The paper promises tagging--this is just the labeling of audio, which is referred to as “tagging” in the context of audio--of environmental audio using a deep network of learned features. A multi-label approach learned using a deep network is proposed. The training starts with a set of weak labels. Unlabeled data is also labeled.
Asymmetric deep denoising auto-encoders (asyDAEs) (weights not tied between input and output) and symmetric deep denoising auto-encoders (syDAEs) (weights tied between input and output) are proposed for feature learning. Error in reconstruction is smaller when a syDAE is used. Deep neural networks (DNNs) are trained using chunk-level rather than frame-level labels. Is it at all possible to get ground truth at the frame level? Even if it is manually annotated, different annotators will have different results, especially at the frame level. The compression seems pretty good, though, since the reconstruction error is small, but this has been used as part of the criterion function itself.
The idea of deep principal component analysis (PCA) is nice. However, how different is this from nonlinearly transforming the data and then using standard PCA?
Why is this robust? I do not see a significant improvement in equal error rate (EER) in table 3. The statistical t-test is the only convincing answer. Many techniques are pretty close. The proposed approach seems to fare better on male speech.
The formula for the F-measure is wrong; recall should be in the denominator.

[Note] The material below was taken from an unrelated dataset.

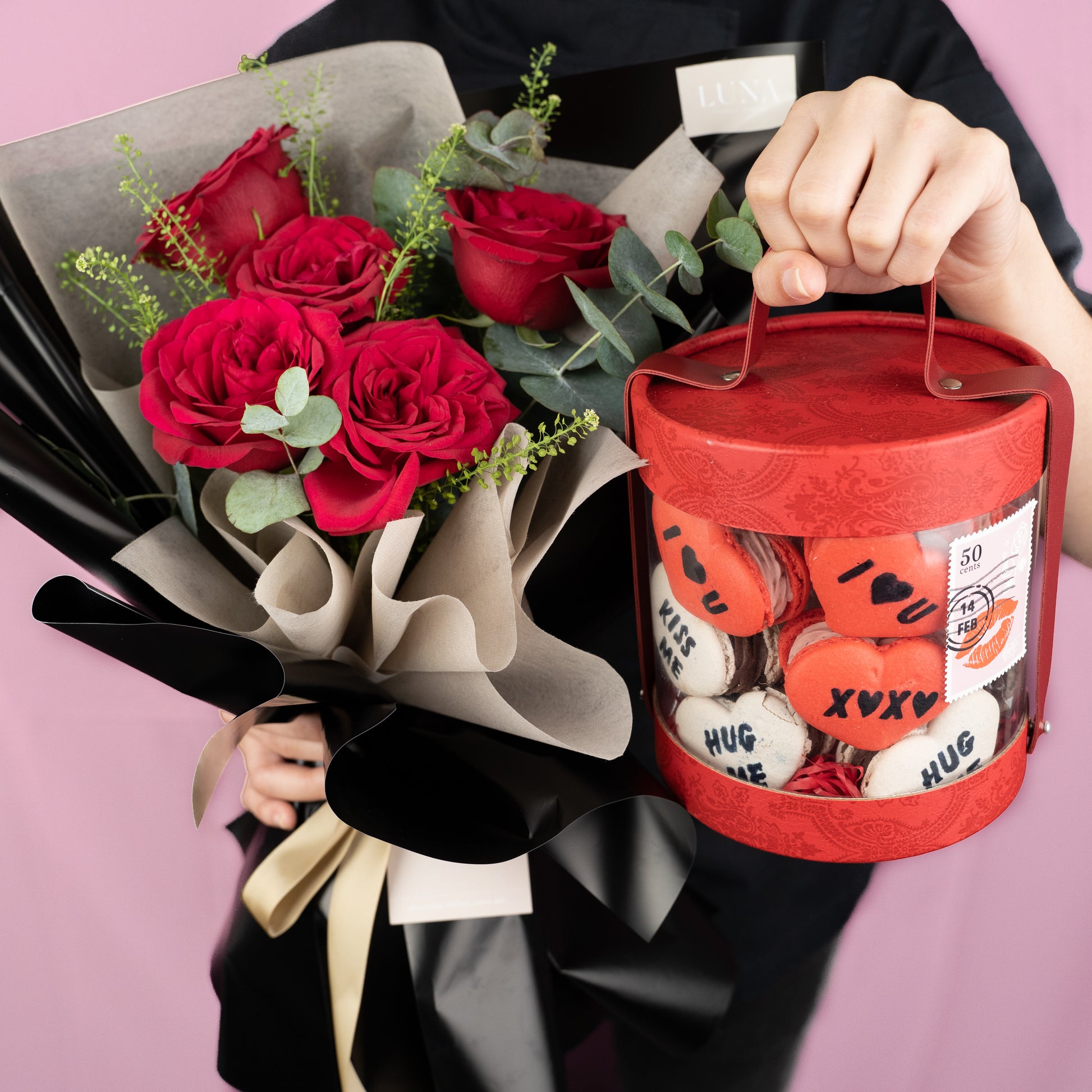 Celebrate your loved ones together with our Elevete Valentine's Bouquet specially curated by Luna. Bundled with our Jar of Hearts that includes the following limited edition Valentine's Day Fatcarons:

Finally, the paper falls short on one point. The claim of robustness is made based on some empirical studies. There is no effort to understand what the syDAEs/asyDAEs are learning. One spectrogram shows that the noise is smoothed, but this will happen with any low-pass filter. Importantly, I would have liked to see an interpretation of DAE-DNN learning vis-à-vis the different types of sound; highlighting EERs based on the lowest is sometimes wrong in table 3.